Dental Trauma and First Aid

“Accidents happen” is one of those phrases we casually throw around without thinking. But the reality is that accidents can have quite serious consequences for our teeth. The good news is that much of the trauma of dental injury can be minimised if you know what precautions to take and what to do in the unfortunate event you suffer damage to your teeth.
 

Don’t assume anything 

Teeth can be cracked, chipped or become loose from accidents in ways not visible to the naked eye, and failure to get them checked out quickly by your dentist may mean sustaining otherwise-avoidable long term damage. But there’s also quite a bit you can do before you reach the dentist.


Children

You only need to be around babies or toddlers for a second to realise that bumps, knocks and spills are a standard part of growing up. If your child knocks out a tooth, quickly following these steps can minimise any longterm damage:

1. Find the tooth, make sure it’s clean and hold it by the crown only, not the root.
2. Place the tooth back in position, making sure it’s facing the right way round (if it’s a baby tooth, don’t place it back in.)
3. Get to your dentist straight away, and if you can’t replant the tooth, transport it in milk or saliva.

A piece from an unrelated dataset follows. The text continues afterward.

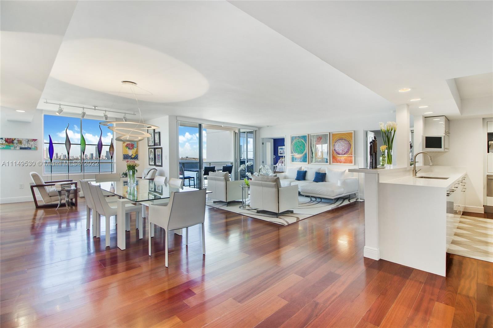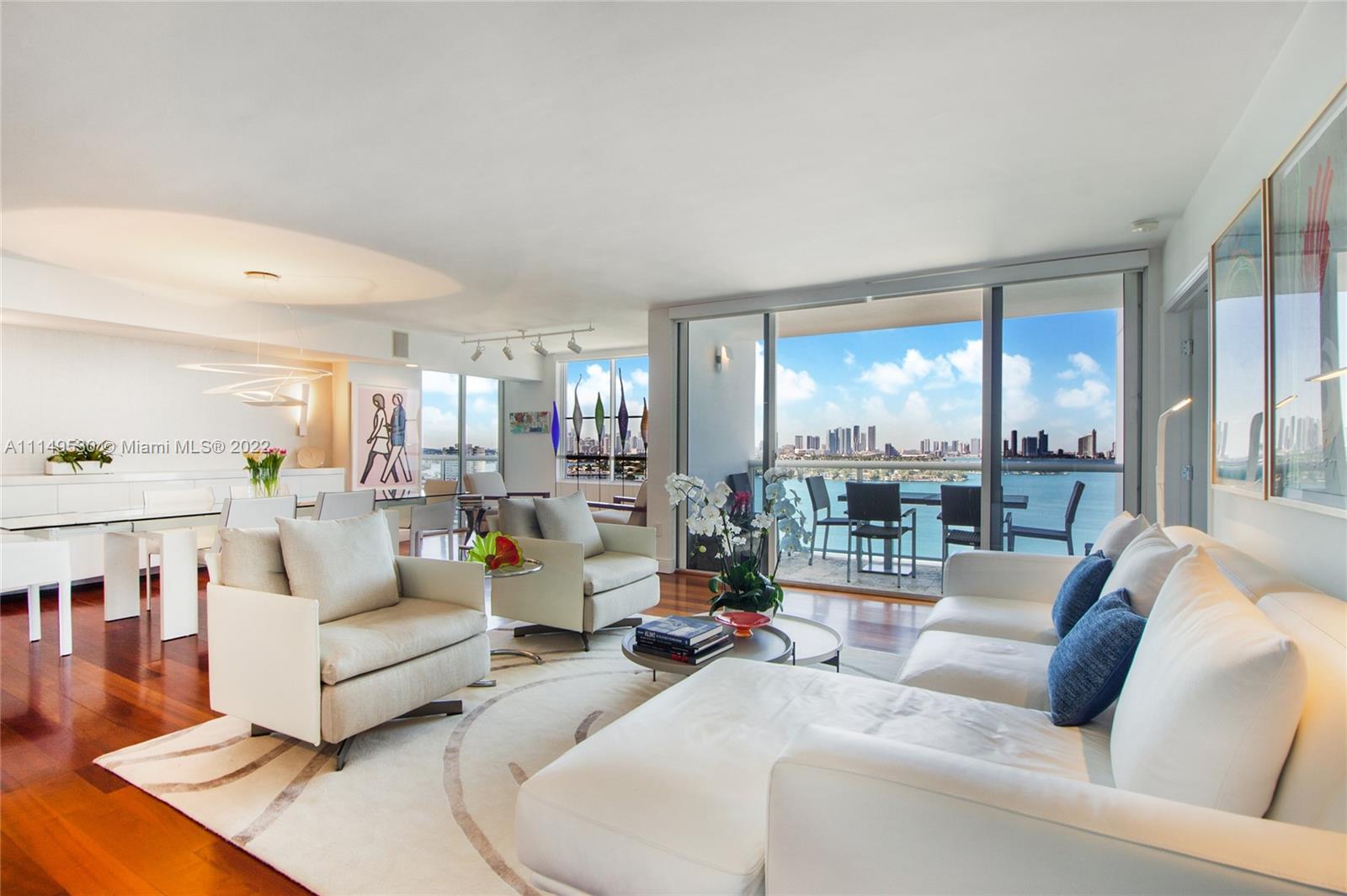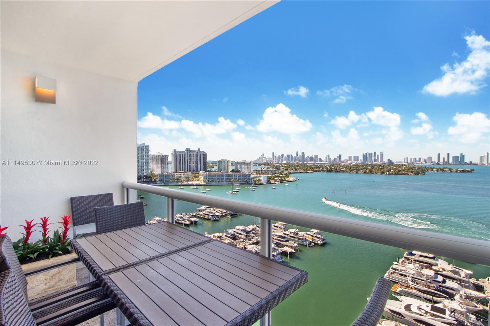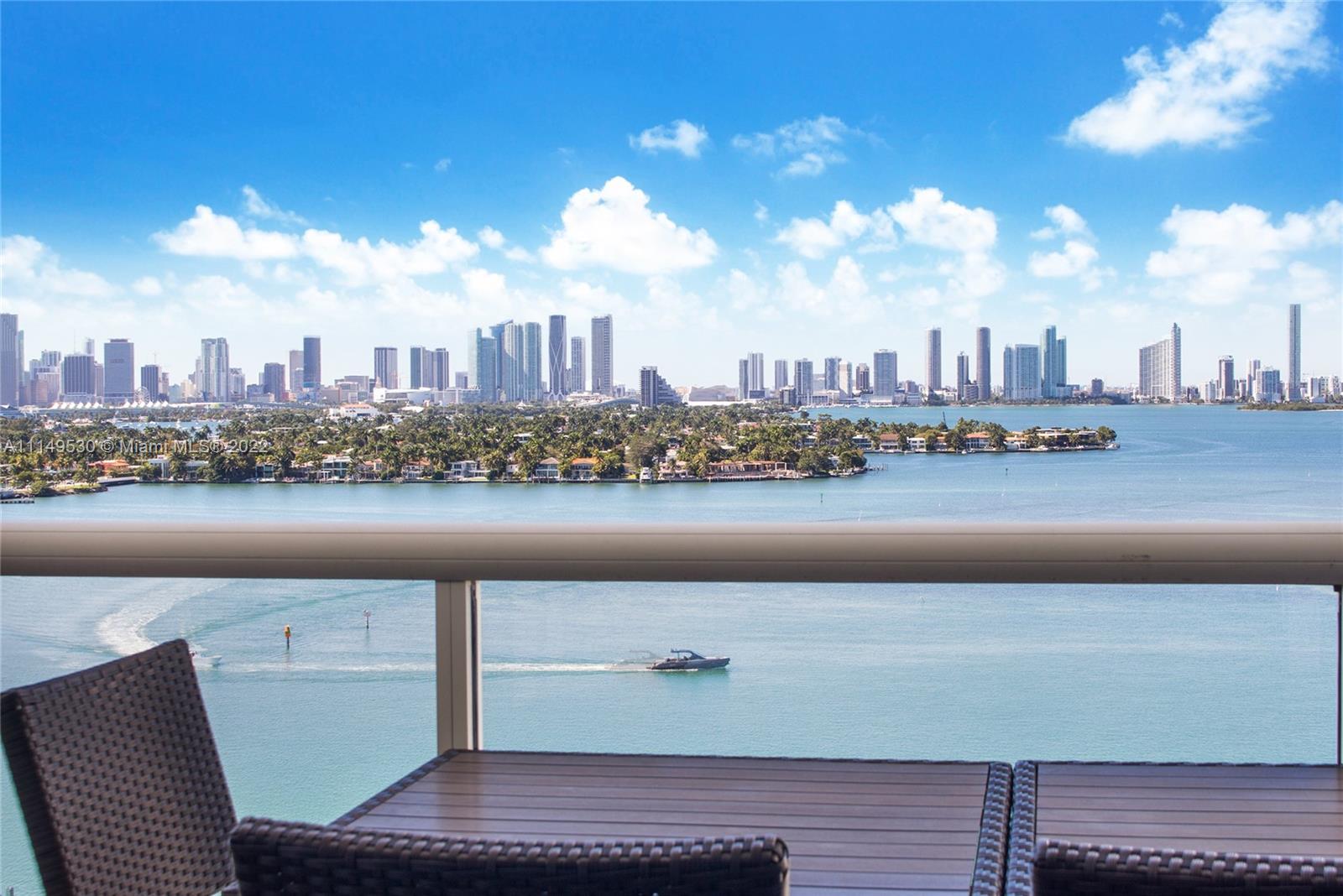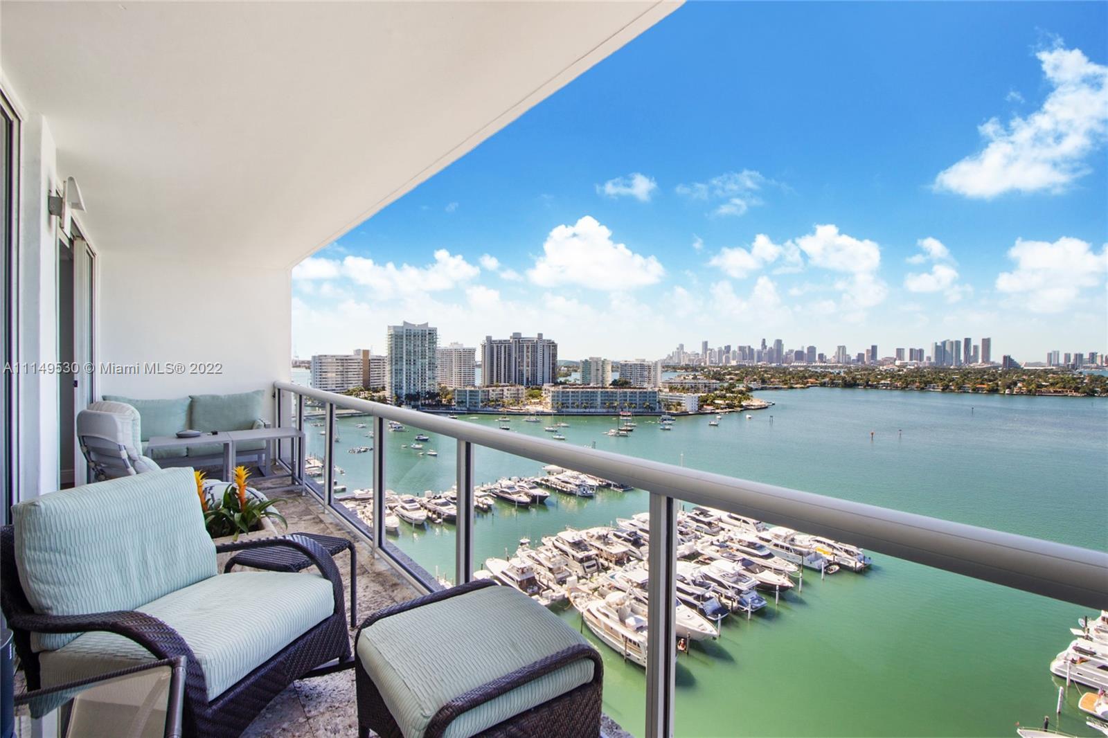Spectacular custom combined two condos with panoramic views of Biscayne Bay, Sunset Islands and Miami’s skyline, rarely available in Sunset Harbour North condo tower. Remodeled Sunset Harbor North corner residence with 2,350sf split floor plan featuring three large bedrooms + Den with three balconies. Interior features include wood flooring, custom kitchen with quartz countertops, custom cabinetry & built-ins, w/sound system throughout. Full-service building with full amenities & two swimming pools. Located in one of the most desirable neighborhoods in Miami Beach, with a wide range of shopping and dining options at your doorstep. Condo comes with two deeded parking spaces
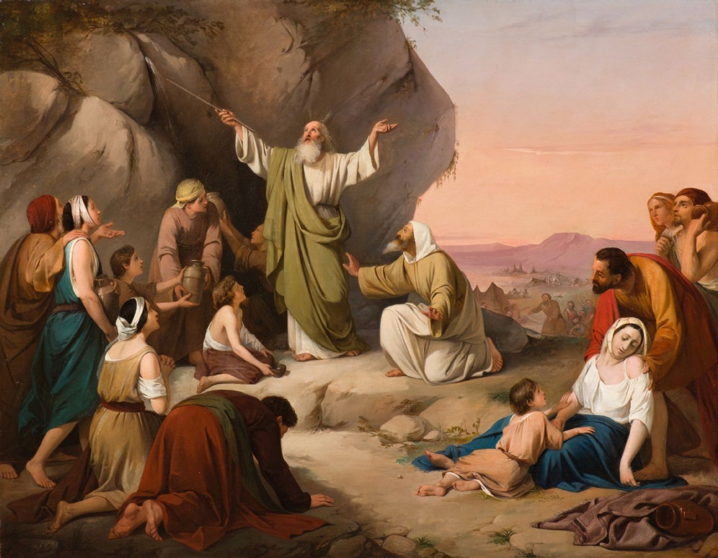 S3355 Mojżesz czerpiący wodę ze skały, Duży olej na płótnie, XIX w.

Dental trauma can also take other forms.

If your child develops a toothache, book an appointment with your dentist straight away; in the meantime, rinse your child’s mouth with salt water, use paracetamol to alleviate pain and if there’s swelling present, use a cold compress. This doesn’t apply to babies who are teething.

If your child’s braces or retainer becomes broken or bent, they shouldn’t wear it again until it’s been fitted or adjusted by their orthodontist.
 

Adults

Again, the key thing is to act quickly so get to your dentist as quickly as possible, ideally within 30 minutes.

1. Find the tooth and hold it by the crown only, not the root.
2. If the tooth is dirty, rinse it in milk but don’t scrub or soak it.
3. Place the tooth back in position, making sure it’s facing the right way round; once in, gently bite down on soft cloth or tissue, or use aluminium foil or your mouthguard to hold it in place.
4. If you can’t replant the tooth, transport it in milk or saliva.

If you play sports (this also applies to children and teenagers), it’s also a good idea to get a custom-fitted mouthguard made by your dentist to minimise the chance of any damage resulting in the first place. In cases of dental trauma, check if your usual dentist handles emergency treatments; if not, use Find a Dentist to locate a practice to assist you.